## Problem details:
Please restate, exactly, only the lines from the beginning of the listing below through the line containing "胭脂 HAUTE FANCIES后构想|25早秋烟粉色极简一字肩宽松长袖上衣", with the pictures left out.

## Exercise data:
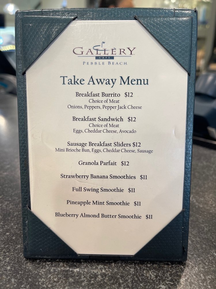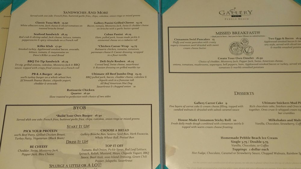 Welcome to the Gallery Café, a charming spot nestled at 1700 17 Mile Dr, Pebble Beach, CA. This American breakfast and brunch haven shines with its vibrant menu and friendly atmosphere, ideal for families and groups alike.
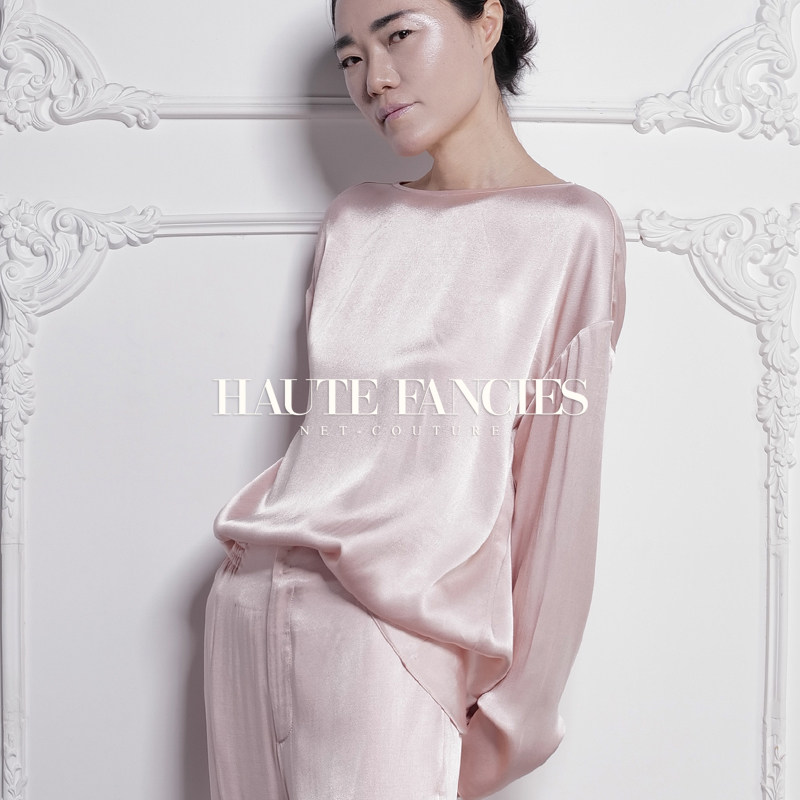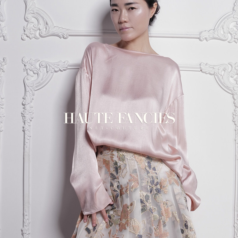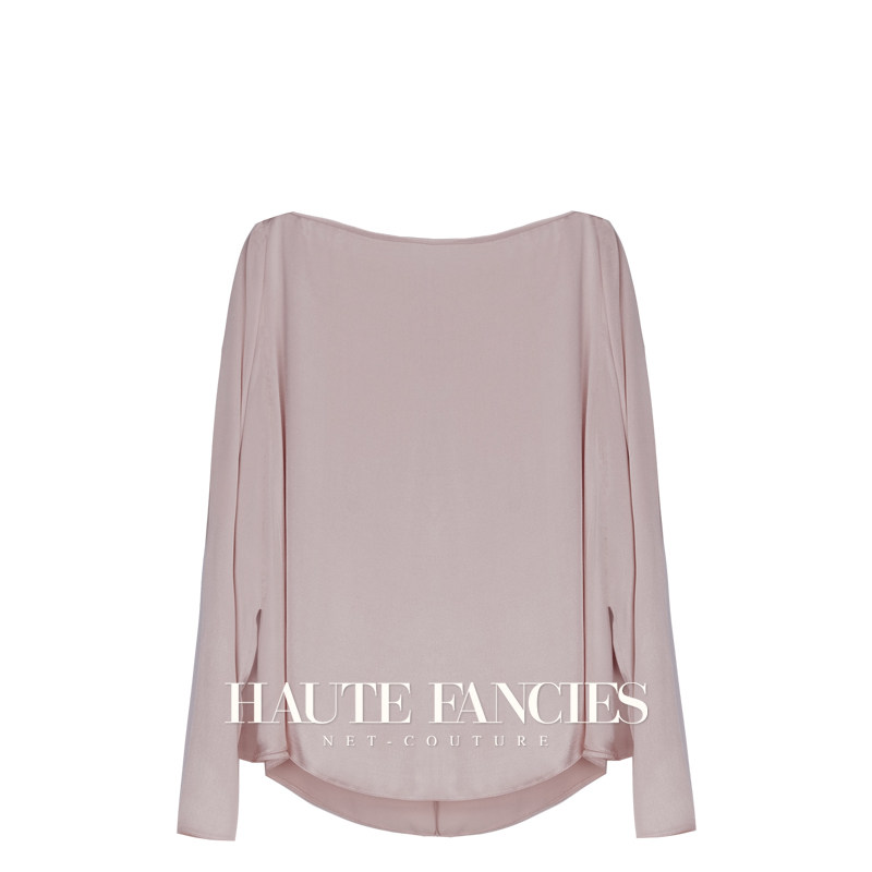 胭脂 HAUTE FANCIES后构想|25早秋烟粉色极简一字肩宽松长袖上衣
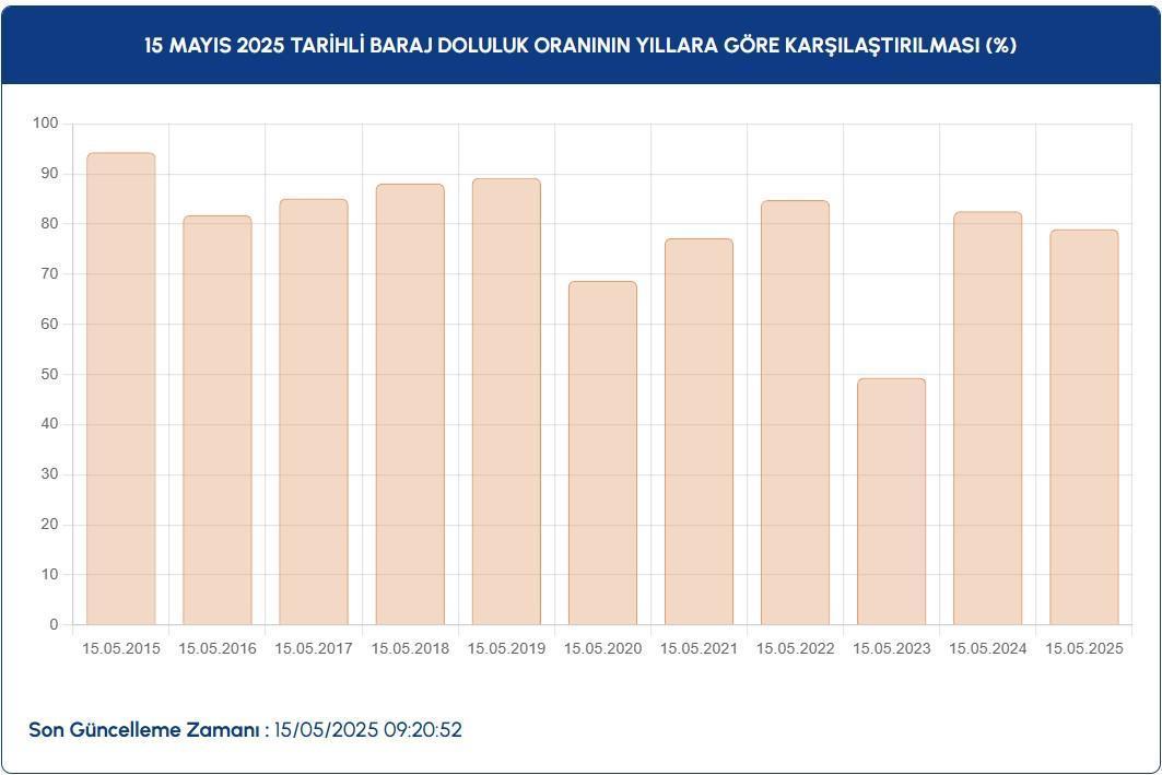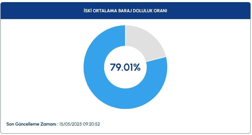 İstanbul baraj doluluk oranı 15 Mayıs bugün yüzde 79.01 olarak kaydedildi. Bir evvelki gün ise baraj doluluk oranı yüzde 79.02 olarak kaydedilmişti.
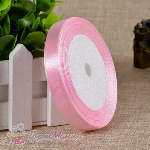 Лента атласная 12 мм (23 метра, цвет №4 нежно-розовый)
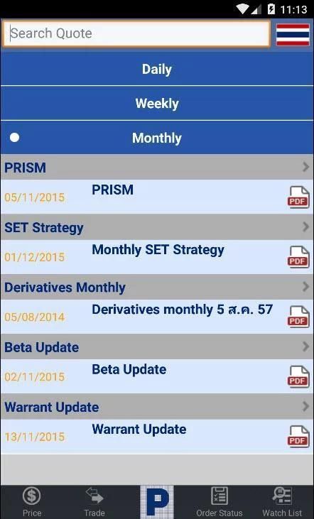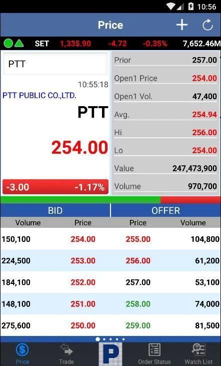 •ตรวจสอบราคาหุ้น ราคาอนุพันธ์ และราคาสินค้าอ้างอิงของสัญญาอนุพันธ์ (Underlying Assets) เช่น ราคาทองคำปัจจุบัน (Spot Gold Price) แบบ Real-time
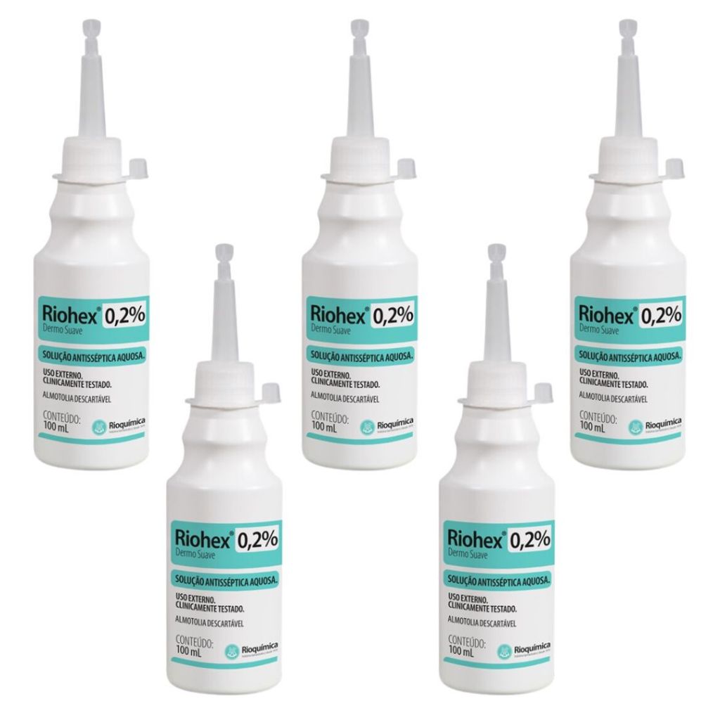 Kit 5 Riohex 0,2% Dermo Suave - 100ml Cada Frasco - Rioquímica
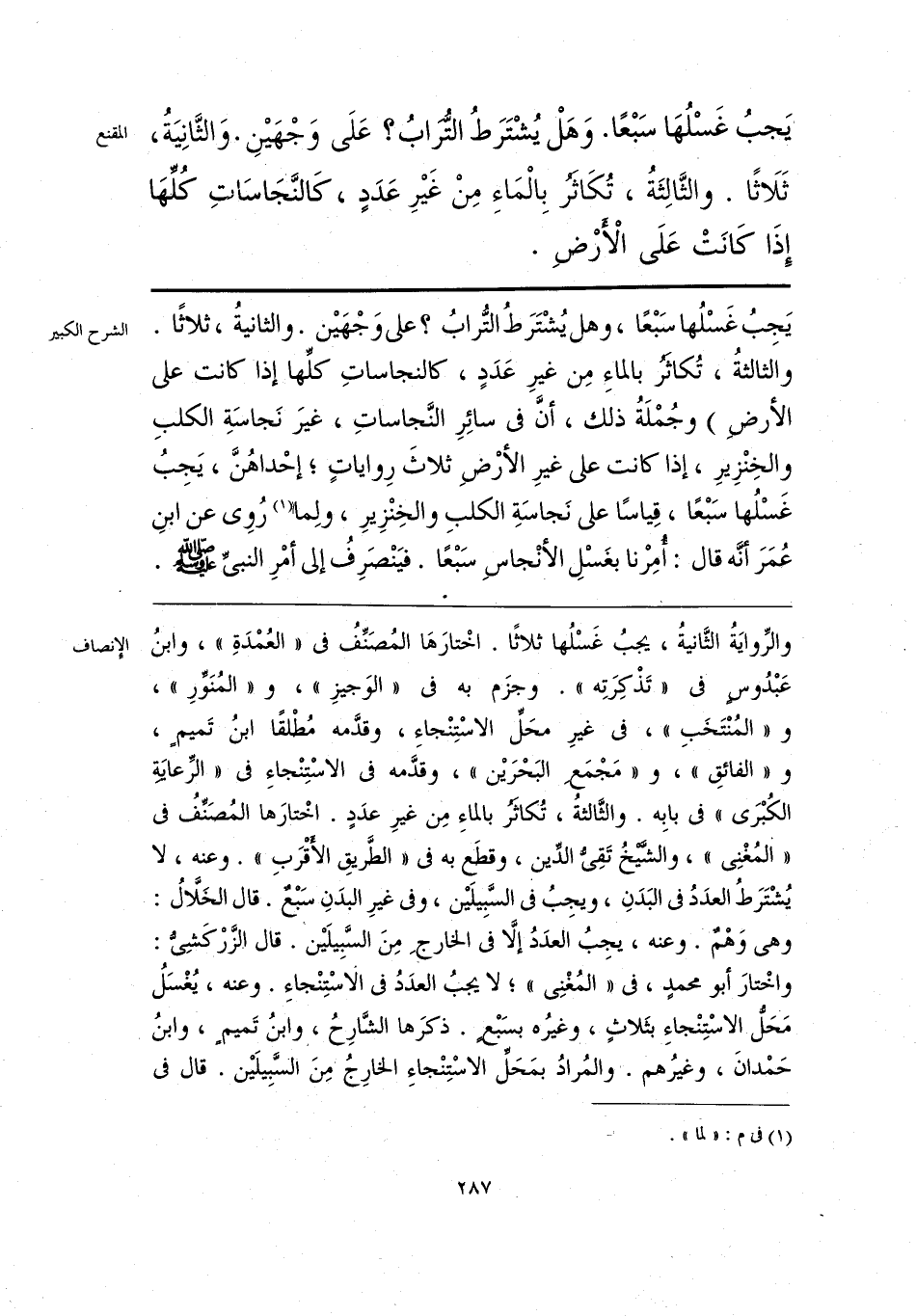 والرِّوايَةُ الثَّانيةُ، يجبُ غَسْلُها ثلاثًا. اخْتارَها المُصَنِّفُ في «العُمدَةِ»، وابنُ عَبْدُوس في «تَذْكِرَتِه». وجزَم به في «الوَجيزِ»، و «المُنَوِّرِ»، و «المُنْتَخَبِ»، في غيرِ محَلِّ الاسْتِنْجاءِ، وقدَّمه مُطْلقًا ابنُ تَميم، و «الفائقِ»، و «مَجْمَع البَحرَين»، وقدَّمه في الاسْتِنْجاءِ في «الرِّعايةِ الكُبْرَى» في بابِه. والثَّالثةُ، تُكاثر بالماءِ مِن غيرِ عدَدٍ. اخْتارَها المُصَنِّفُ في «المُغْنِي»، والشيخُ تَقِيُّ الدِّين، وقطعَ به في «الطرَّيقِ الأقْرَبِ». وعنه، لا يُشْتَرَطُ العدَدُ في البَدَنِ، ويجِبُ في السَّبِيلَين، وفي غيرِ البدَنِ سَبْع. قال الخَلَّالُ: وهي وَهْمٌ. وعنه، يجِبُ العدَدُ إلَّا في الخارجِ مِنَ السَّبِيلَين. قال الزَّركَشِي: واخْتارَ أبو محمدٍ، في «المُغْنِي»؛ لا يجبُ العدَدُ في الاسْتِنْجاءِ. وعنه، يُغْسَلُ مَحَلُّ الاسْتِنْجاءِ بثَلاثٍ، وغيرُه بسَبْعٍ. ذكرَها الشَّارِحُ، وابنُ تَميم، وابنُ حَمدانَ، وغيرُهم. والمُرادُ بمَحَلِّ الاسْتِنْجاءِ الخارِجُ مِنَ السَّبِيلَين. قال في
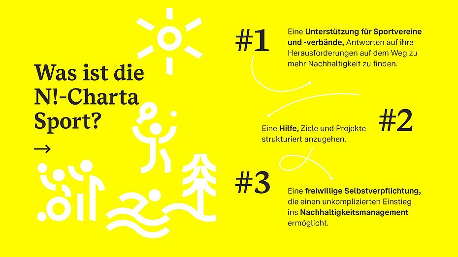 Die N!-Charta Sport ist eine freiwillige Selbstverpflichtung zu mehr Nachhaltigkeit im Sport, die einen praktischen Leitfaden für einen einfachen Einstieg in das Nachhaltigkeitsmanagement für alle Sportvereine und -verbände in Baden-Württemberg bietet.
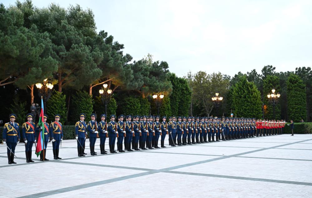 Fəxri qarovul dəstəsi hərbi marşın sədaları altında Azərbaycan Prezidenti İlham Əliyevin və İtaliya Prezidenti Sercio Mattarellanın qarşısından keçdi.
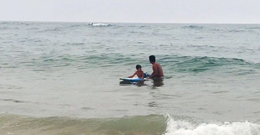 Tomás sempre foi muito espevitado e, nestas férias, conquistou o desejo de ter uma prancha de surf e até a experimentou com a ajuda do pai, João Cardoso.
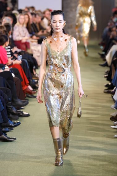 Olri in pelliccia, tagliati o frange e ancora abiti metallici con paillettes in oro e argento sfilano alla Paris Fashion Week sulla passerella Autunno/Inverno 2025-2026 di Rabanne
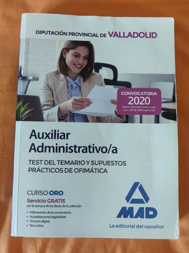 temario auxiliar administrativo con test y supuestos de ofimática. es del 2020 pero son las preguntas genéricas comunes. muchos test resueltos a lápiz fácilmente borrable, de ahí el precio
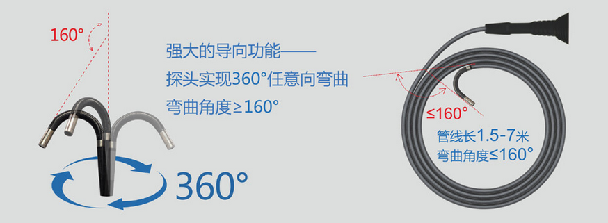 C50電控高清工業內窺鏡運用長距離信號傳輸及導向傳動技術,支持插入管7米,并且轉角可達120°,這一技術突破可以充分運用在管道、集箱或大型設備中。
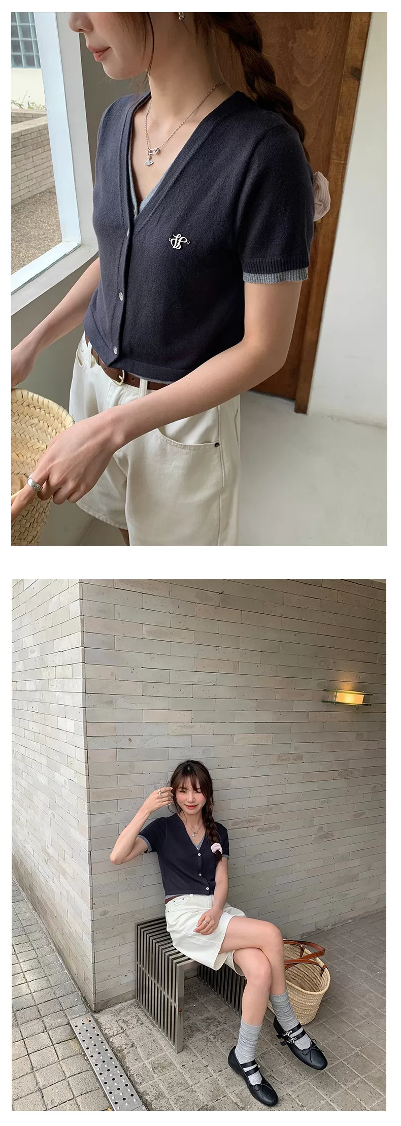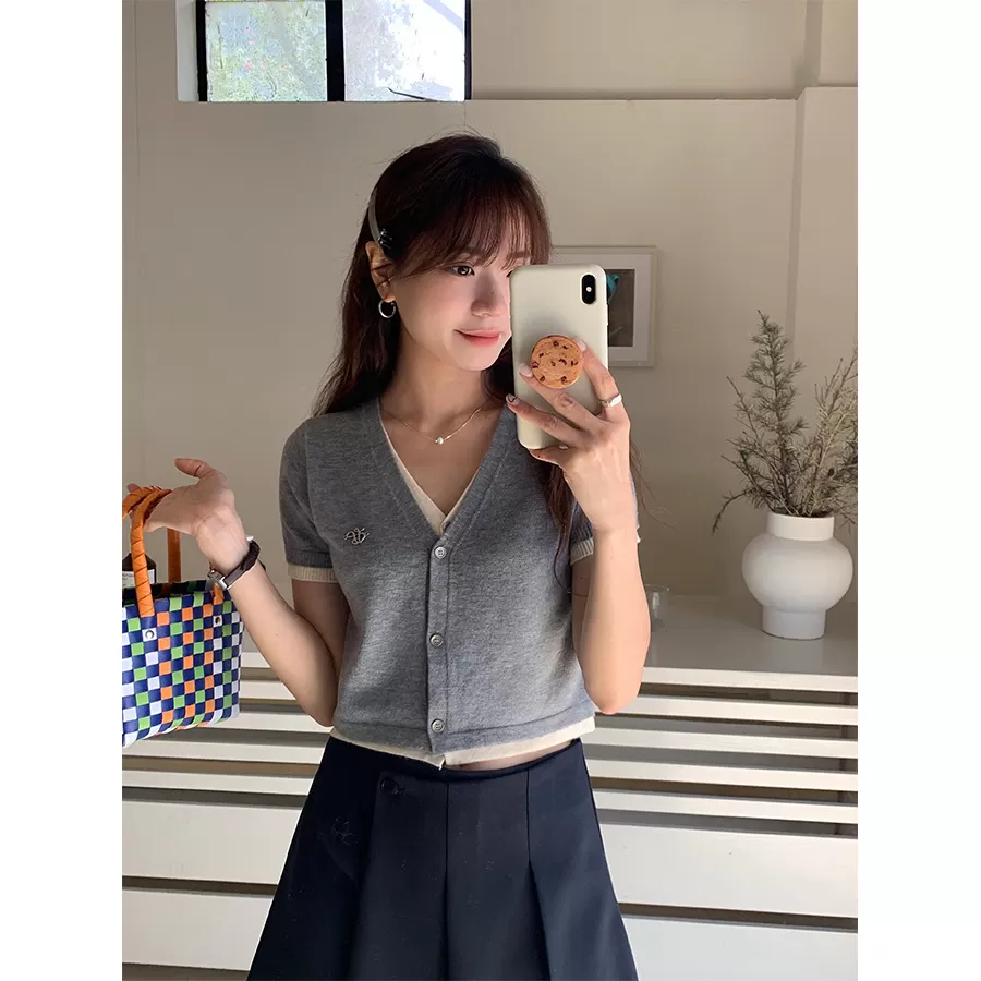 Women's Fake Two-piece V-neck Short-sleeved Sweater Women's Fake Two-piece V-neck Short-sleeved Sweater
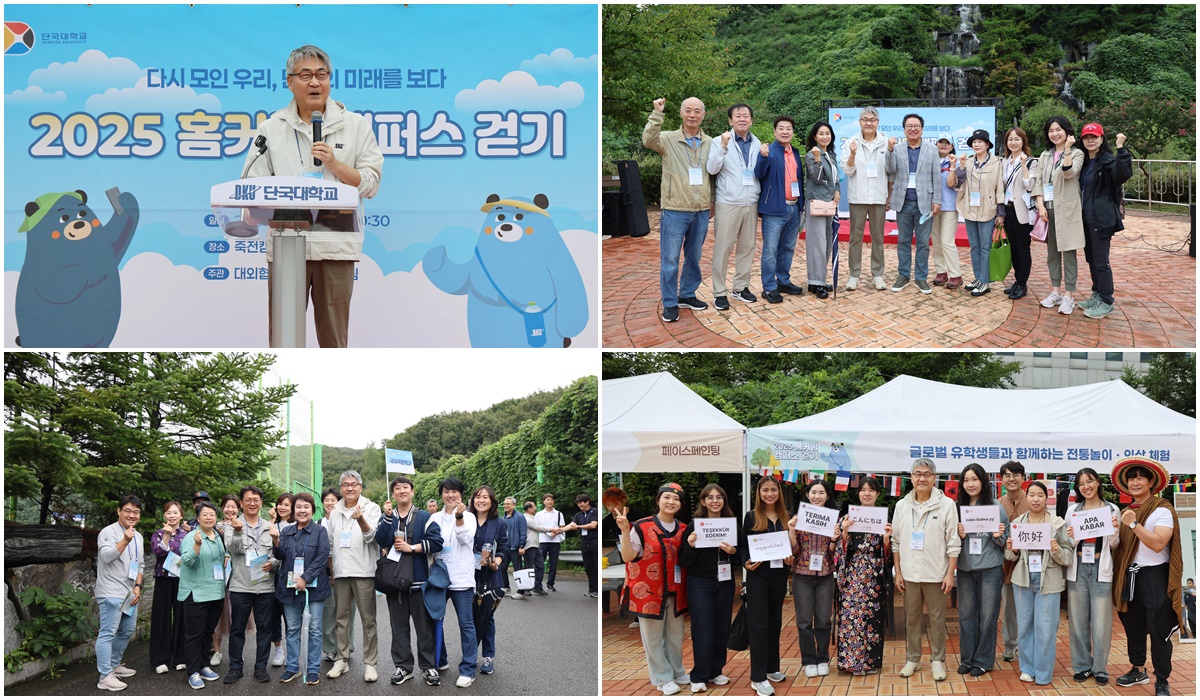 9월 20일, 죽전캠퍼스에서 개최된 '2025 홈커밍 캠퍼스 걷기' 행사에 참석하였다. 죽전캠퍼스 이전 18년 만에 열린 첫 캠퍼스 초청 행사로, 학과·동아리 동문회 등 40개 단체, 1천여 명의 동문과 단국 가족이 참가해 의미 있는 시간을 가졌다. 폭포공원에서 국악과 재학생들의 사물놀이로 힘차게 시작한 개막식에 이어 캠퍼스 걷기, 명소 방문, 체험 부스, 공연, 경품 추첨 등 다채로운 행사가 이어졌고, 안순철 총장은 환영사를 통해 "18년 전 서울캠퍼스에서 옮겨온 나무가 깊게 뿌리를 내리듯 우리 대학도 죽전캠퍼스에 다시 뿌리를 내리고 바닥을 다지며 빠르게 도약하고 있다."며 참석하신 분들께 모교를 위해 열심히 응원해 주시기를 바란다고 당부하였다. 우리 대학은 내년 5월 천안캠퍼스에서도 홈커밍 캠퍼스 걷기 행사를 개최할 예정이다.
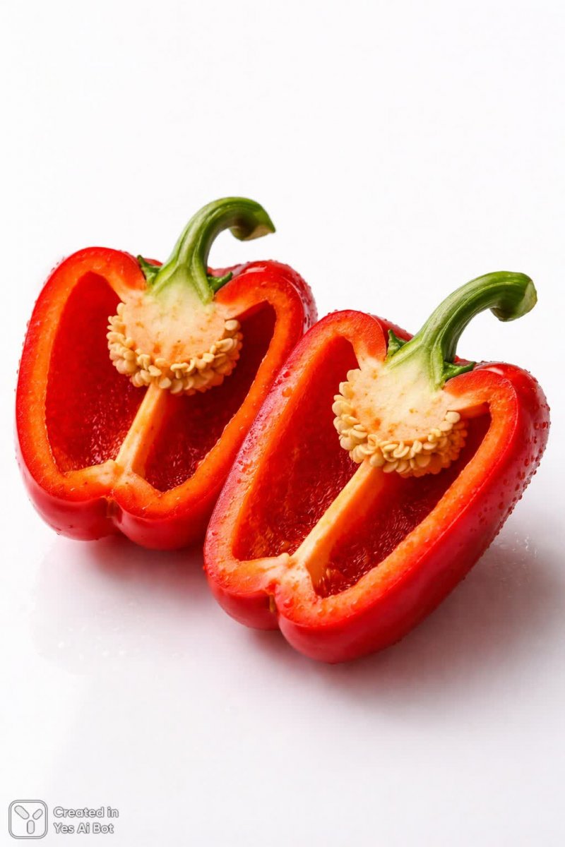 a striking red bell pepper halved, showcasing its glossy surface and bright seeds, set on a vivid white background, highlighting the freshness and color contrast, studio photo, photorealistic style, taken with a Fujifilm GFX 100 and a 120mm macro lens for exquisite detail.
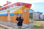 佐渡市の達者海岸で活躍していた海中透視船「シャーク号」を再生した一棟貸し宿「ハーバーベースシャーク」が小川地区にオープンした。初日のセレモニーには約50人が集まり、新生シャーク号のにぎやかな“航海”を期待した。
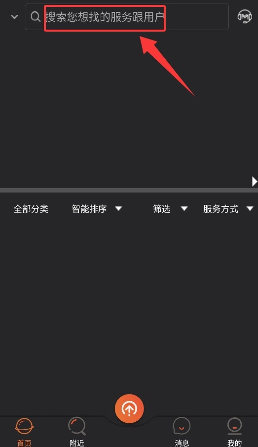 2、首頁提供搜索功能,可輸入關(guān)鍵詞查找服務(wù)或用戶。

## Output for this exercise:
 Welcome to the Gallery Café, a charming spot nestled at 1700 17 Mile Dr, Pebble Beach, CA. This American breakfast and brunch haven shines with its vibrant menu and friendly atmosphere, ideal for families and groups alike.
 胭脂 HAUTE FANCIES后构想|25早秋烟粉色极简一字肩宽松长袖上衣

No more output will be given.